# Off-Policy-Evaluation-Lab
Consistent comparison of off-policy evaluation algorithms.


## Setting up the environment
### Setup the a conda environment on python 3.9
```bash
conda create -n ope python=3.9
conda activate ope
```
### Installing D4RL
You need to install D4RL in order to run the experiments. You can do this by running the following command:
```bash
pip install git+https://github.com/Farama-Foundation/d4rl@master#egg=d4rl
```

To use MuJoCo 2.1.0, you need a license key and the correct binaries.
please follow the instructions on the [OpenAI mujoco website](hhttps://github.com/openai/mujoco-py) to get the license key and install the correct binaries.

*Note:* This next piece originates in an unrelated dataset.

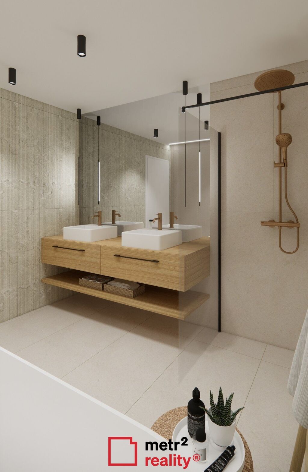 Představujeme Vám luxusní novostavbu rodinného domu o dispozici 5+kk užitné ploše 149,7 m², která se nachází na pozemku o velikosti 272 m² v klidné a žádané lokalitě městské části Olomouc – Slavonín, na ulici Jižní. Dům je navržen s důrazem na moderní technologie i precizní zpracování. Plastová okna se sedmikomorovým rámem v elegantním černém provedení spolu s elektrickými předokenními žaluziemi ve všech místnostech zajišťují vysoký komfort a energetickou úspornost. Vytápění je řešeno podlahovým teplovodním systémem napojeným na tepelné čerpadlo vzduch-voda, jehož vnitřní jednotka se nachází v technické místnosti a venkovní na střeše. Ve většině obytných prostor je připravena instalace klimatizačních jednotek, což umožňuje individuální regulaci teploty v letních měsících. Interiér je vybaven kvalitními lepenými vinylovými podlahami, schodiště má nášlapy z dubového masivu a dveře jsou osazeny bezfalcovou obložkou pro čistý design. Koupelna je zařízena moderním obkladem, který podtrhuje celkově nadstandardní úroveň domu. Fasádu tvoří kombinace točené omítky, thermowood obkladu a lakovaného plechu, což dodává domu osobitý a současný vzhled. Součástí domu je terasa o ploše 18 m², která navazuje na obytný prostor a poskytuje příjemné místo pro odpočinek či setkávání s přáteli. K dispozici jsou dvě krytá parkovací místa přímo na pozemku. Dům je řadový (krajní), oplocený a napojený na veřejnou kanalizaci, dešťová voda je efektivně svedena do retenční nádrže. Lokalita nabízí plnou občanskou vybavenost s dobrou dostupností do centra Olomouce. V těsné blízkosti najdete školu, nákupní centrum OC Haná, supermarket, restaurace, sportovní i rekreační zařízení a rychlý přístup na MHD. Díky blízkosti obchodního centra, aquaparku a dalších služeb je toto místo ideální volbou pro mladé lidi nebo páry, kteří hledají pohodlné a moderní bydlení v klidném prostředí a zároveň s výhodami městského života. Pro více informací o této nemovitosti nebo sjednání prohlídky nás prosím kontaktujte

Once D4RL is installed, you can safely update the environment using the provided myenv.yml:

```bash
conda env update -n ope -f myenv.yml
```

If you want to also run the diffusion policy experiments, you need to install clean diffuser library. Instructions can be found [here](https://cleandiffuserteam.github.io/CleanDiffuserDocs/docs/introduction/installation/installation.html).


## Working with OPE-Lab

This framework supports running off-policy evaluation (OPE) experiments on two types of environments:
1. D4RL benchmark environments (with pre-collected datasets)
2. Standard Gym environments (with custom dataset generation)

### Dataset Management

#### D4RL Environments
For D4RL environments, the datasets are already included in the D4RL package, so no additional dataset generation is required.

#### Gym Environments
For Gym environments, you need to generate datasets using the provided script:

```bash
python opelab/examples/gym/generate_dataset.py --name dataset_name
```

This script:
- Collects trajectories using a specified policy
- Stores observations, actions, rewards, and terminal states
- Computes and saves normalization statistics for the dataset
- Saves everything to the `dataset/dataset_name/` directory

### Training Diffusion Models

For both environment types, you can train diffusion models:

#### For D4RL Environments:
```bash
python opelab/examples/d4rl/diffusion_trainer.py --dataset hopper-medium-v2 --T 16 --D 256 --epochs 100 --output_dir ./trained_models
```

#### For Gym Environments:
```bash
python opelab/examples/gym/diffusion_trainer.py --env Pendulum-v1 --T 2 --D 128 --epochs 100 --train_steps 100 --batch_size 64 --output_dir ./trained_models
```

### Configuring Experiments

Create JSON configuration files to define the experiment setup. Separate configurations are needed for D4RL and Gym environments.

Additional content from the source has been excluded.